Martin Umbach etwa kennt man als Sprecher von Hollywood-Stars wie George Clooney und Russel Crowe. Letzterer wirkt an einer neuen Netflix-Produktion mit - eigentlich ein Job für Umbach. "Nun steht die Synchronisation eines neuen Netflix-Films mit Russell Crowe an", sagt der in einem Video auf seinem Instagram-Profil. "Und ich werde diesmal nicht dabei sein." Seine "künstlerische Arbeit" möchte Umbach nicht "als Trainingsmaterial zur Verfügung stellen". "Schauspiel entsteht für mich aus Lebenserfahrung, Intuition, Empfindsamkeit, Empathie, Widersprüchen, Verletzlichkeit. Also etwas zutiefst Menschlichem", begründet er den Schritt.

Auch Jennifer Lopez wird in dem Netflix-Film "Office Romance" wohl mit einer ungewohnten Stimme ausgestattet werden. Ihre Sprecherin Natascha Geisler verweigert die Unterschrift des Vertrags genauso wie Anne Vielhaben, die ihre Arbeit als Sprecherin bei der Animationsserie "Winx Club" nur schweren Herzens aufgibt. Die Figur der Tecna sprach sie seit 2004 bereits bei der ursprünglichen Nickelodeon-Produktion, die seit 2025 von Netflix fortgesetzt wird. "Ich verzichte hier auf ein Projekt, das ich seit über 20 Jahren liebe - und auf wichtige Einnahmen", betont Vielhaben ebenfalls auf Instagram und konkretisiert: "Ich tue es, um ein Zeichen zu setzen. Ich möchte nicht Teil meiner eigenen Abschaffung sein."

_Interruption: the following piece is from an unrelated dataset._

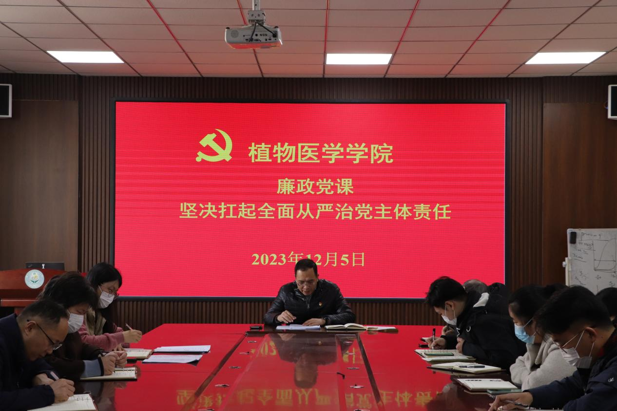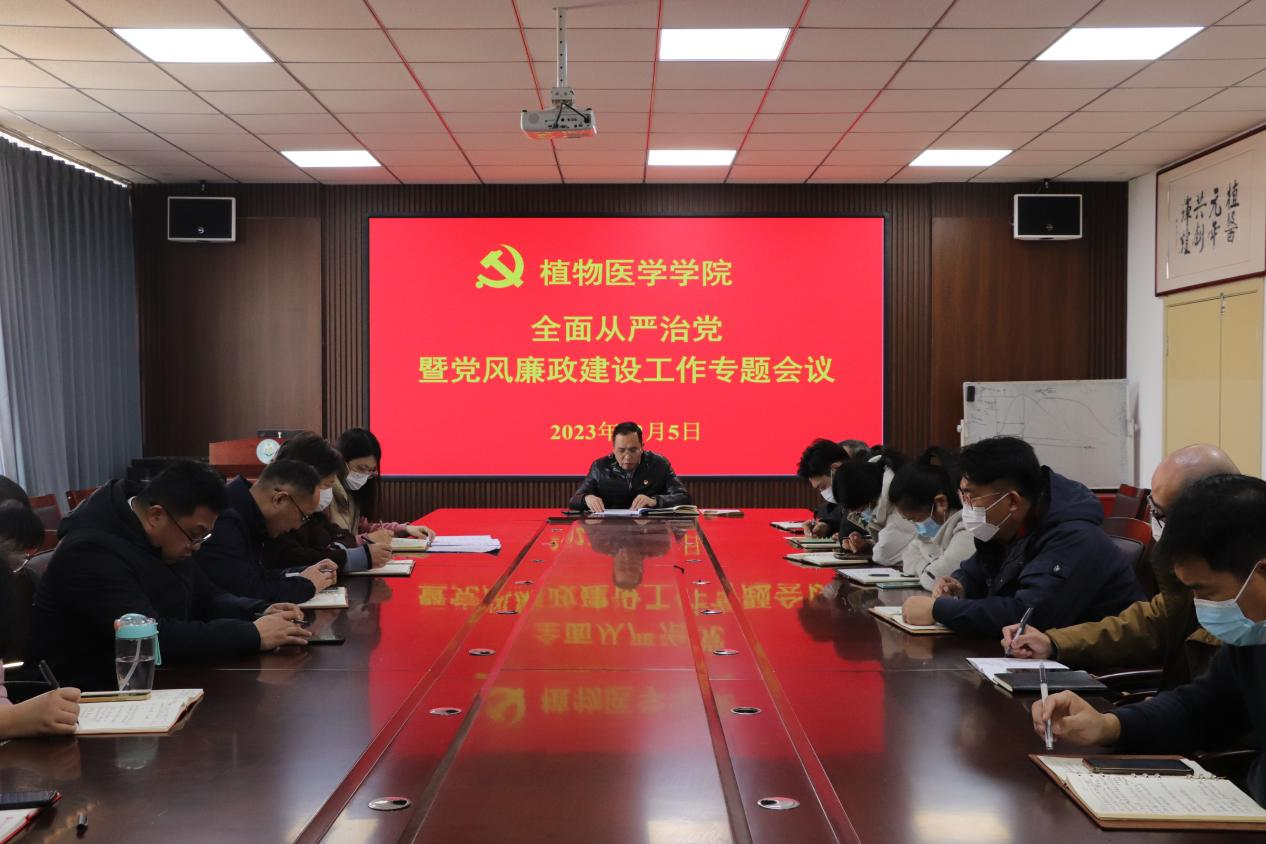 12月5日,青岛农业大学植物医学学院在学院会议室召开全面从严治党暨党风廉政建设工作专题会议,会议由学院党委书记韩强主持,学院党委委员、专职组织员、各支部委员、科级干部参加。

Auch Jason Momoa wird in einer neuen Netflix-Produktion zum ersten Mal seit zehn Jahren anders klingen, weil Matti Klemm genauso wenig Verständnis für den KI-Vorstoß des Streaminganbieters zeigt. "All mein Können, all meine Fertigkeiten, die ich mir in den letzten Jahrzehnten erarbeitet habe, soll ich auf einmal herschenken", empört er sich auf Instagram. "Wenn ich das unterschreibe, unterschreibe ich meine künstlerische Enteignung."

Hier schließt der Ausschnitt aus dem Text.